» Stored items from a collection
----
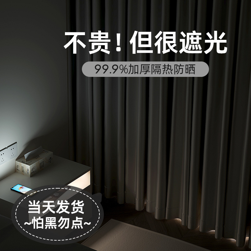 全遮光カーテン寝室2024新型断熱日焼け止め遮光生地フック式軽贅沢現代シンプル
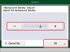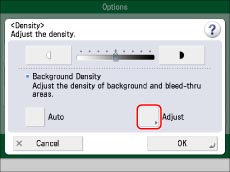 If you adjust the background density by pressing [Adjust] for <Background Density>, the [Auto] setting is cancelled. Similarly, if you press [Auto] while making manual adjustments in [Adjust], your adjustments are cancelled. The machine automatically adjusts the density to match the background.
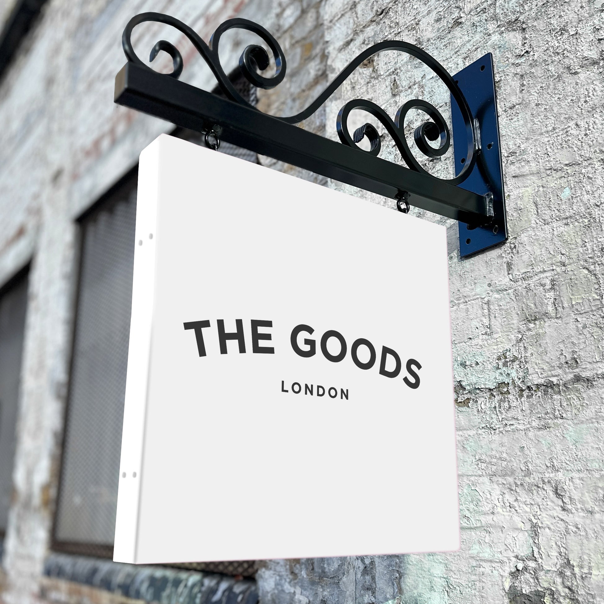 This is our tradtional scroll work bracket (Style B) (also called projected signs or hanging swing signs), this traditional sign is great for shops, bars and restaurants looking for a period look or a hertiage feel. Choose from a simple metal panel or a double sided metal box tray.
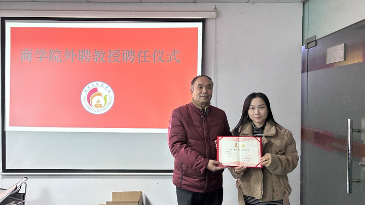 叶毅副院长为梧州市江远宝石公司外贸经理吴君颁发校外指导教师聘书
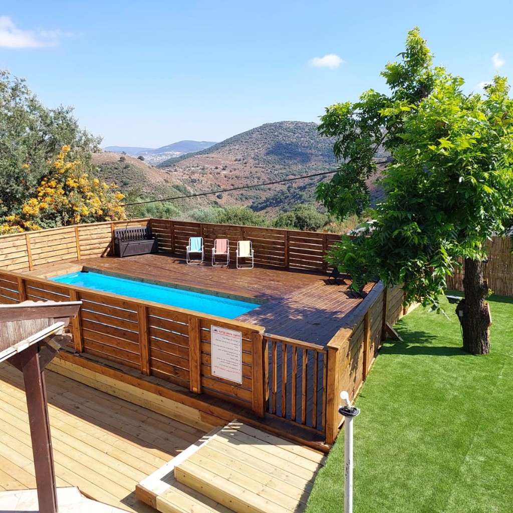 4 מפלסים, 18 חדרים סגורים, חצר ענקית עם נוף להרי הגליל, בריכה, ערסלים, פינות ישיבה, נדנדות, גריל ושולחנות משחק. אפשרות לארוחות בתוספת תשלום
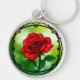 La rosa roja vibrante está centrada dentro de un marco negro ornamentado, colocada sobre un fondo borroso verde suave, creando un contraste llamativo que resalta la belleza de la flor.
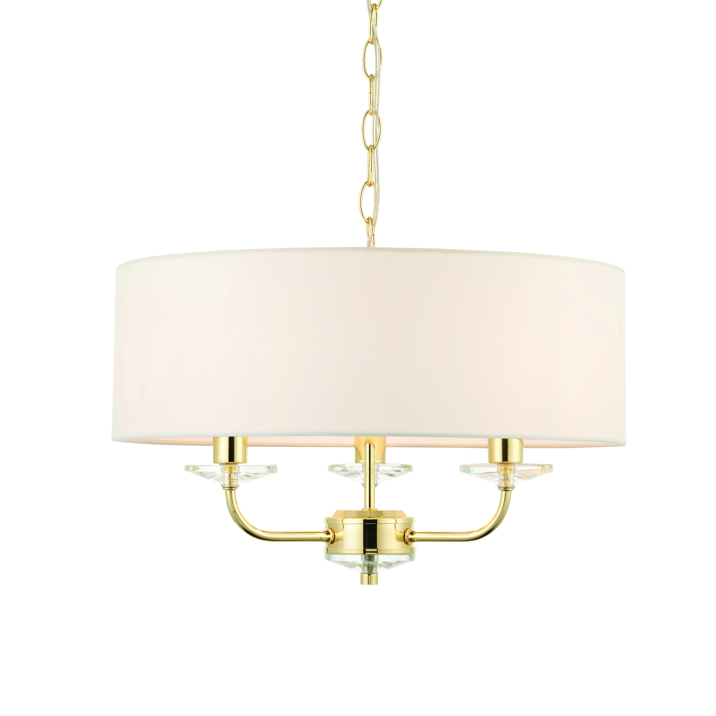 The Nixon 3-light ceiling pendant is finished in a brass effect plate. The 3 arms are complemented with a touch of crystal and the fitting is topped with a narrow, vintage white, faux silk shade. Height is adjustable, and the fitting is dimmable and suitable for use with LED lamps. Matching items and alternative finish available
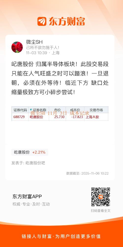 屺唐股份 归属半导体板块!此股交易段只能在人气旺盛之时可以踏浪!一旦退朝,必须在外等待!临近下方 缺口处 缩量极致方可小碎步尝试!
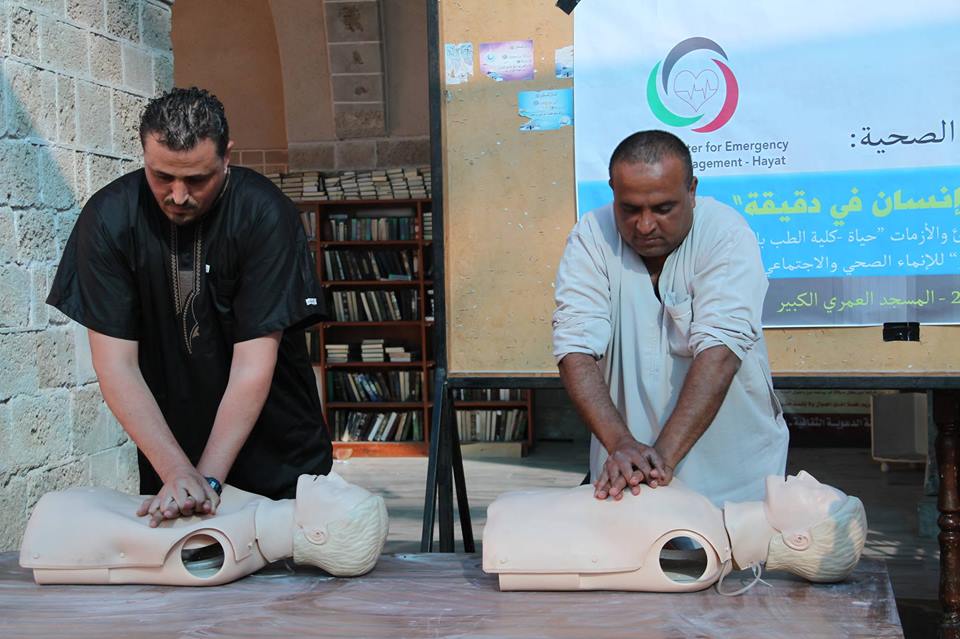 والجدير بالذكر أن الفعالية استهدفت أهالي الحي والمصلين في المسجد العمري الكبير والمساجد المحيطة به حيث تم تدريبهم علي كيفية إنقاذ حياة إنسان وجد مغشيا عليه في أي مكان من خلال "إنعاش القلب الرئوي" في دقيقة واحدة، وكيفية التعامل مع الشخص المصاب وقت الأزمات من أجل الحفاظ علي حياته قدر الإمكان.
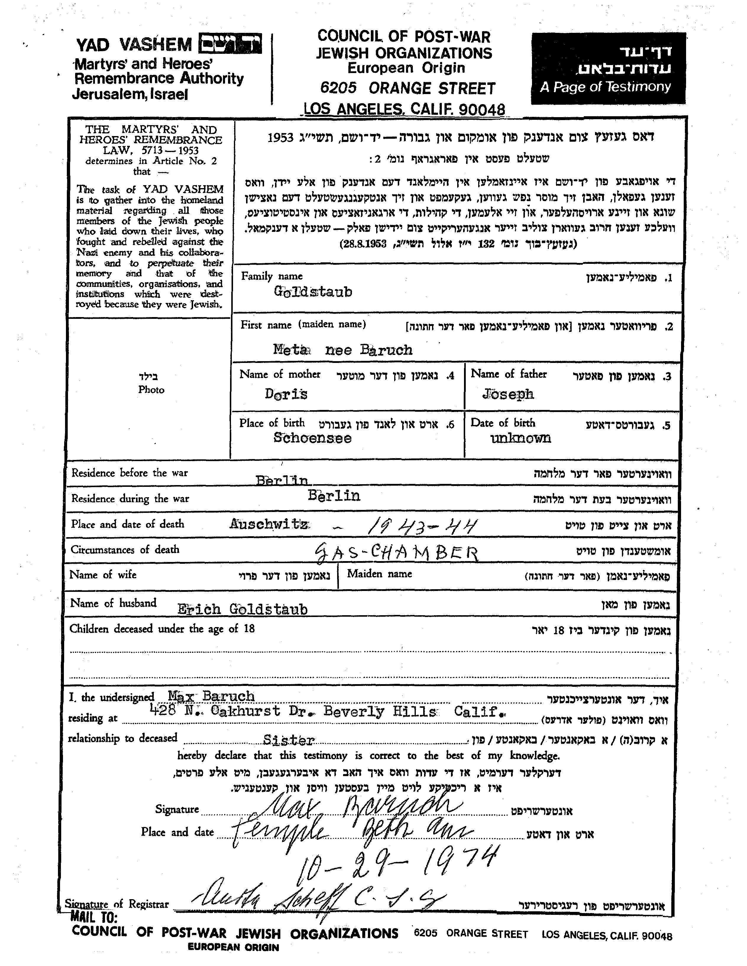 Meta Goldstaub, geb. Baruch wurde in Schoensee, Deutsches Reich geboren. Sie war die Tochter von Joseph und Doris. Sie war mit Erich Verheiratet. Vor dem Zweiten Weltkrieg lebte sie in Berlin, Deutsches Reich. Während des Krieges war sie in Berlin, Deutsches Reich.
----
» Work to be completed
What is needed is an exact copy of the lines above from the one with "La rosa roja" to the one with "والجدير بالذكر أن", both ends kept, and nothing more; please leave the pictures out.

» Answer box
 La rosa roja vibrante está centrada dentro de un marco negro ornamentado, colocada sobre un fondo borroso verde suave, creando un contraste llamativo que resalta la belleza de la flor.
 The Nixon 3-light ceiling pendant is finished in a brass effect plate. The 3 arms are complemented with a touch of crystal and the fitting is topped with a narrow, vintage white, faux silk shade. Height is adjustable, and the fitting is dimmable and suitable for use with LED lamps. Matching items and alternative finish available
 屺唐股份 归属半导体板块!此股交易段只能在人气旺盛之时可以踏浪!一旦退朝,必须在外等待!临近下方 缺口处 缩量极致方可小碎步尝试!
 والجدير بالذكر أن الفعالية استهدفت أهالي الحي والمصلين في المسجد العمري الكبير والمساجد المحيطة به حيث تم تدريبهم علي كيفية إنقاذ حياة إنسان وجد مغشيا عليه في أي مكان من خلال "إنعاش القلب الرئوي" في دقيقة واحدة، وكيفية التعامل مع الشخص المصاب وقت الأزمات من أجل الحفاظ علي حياته قدر الإمكان.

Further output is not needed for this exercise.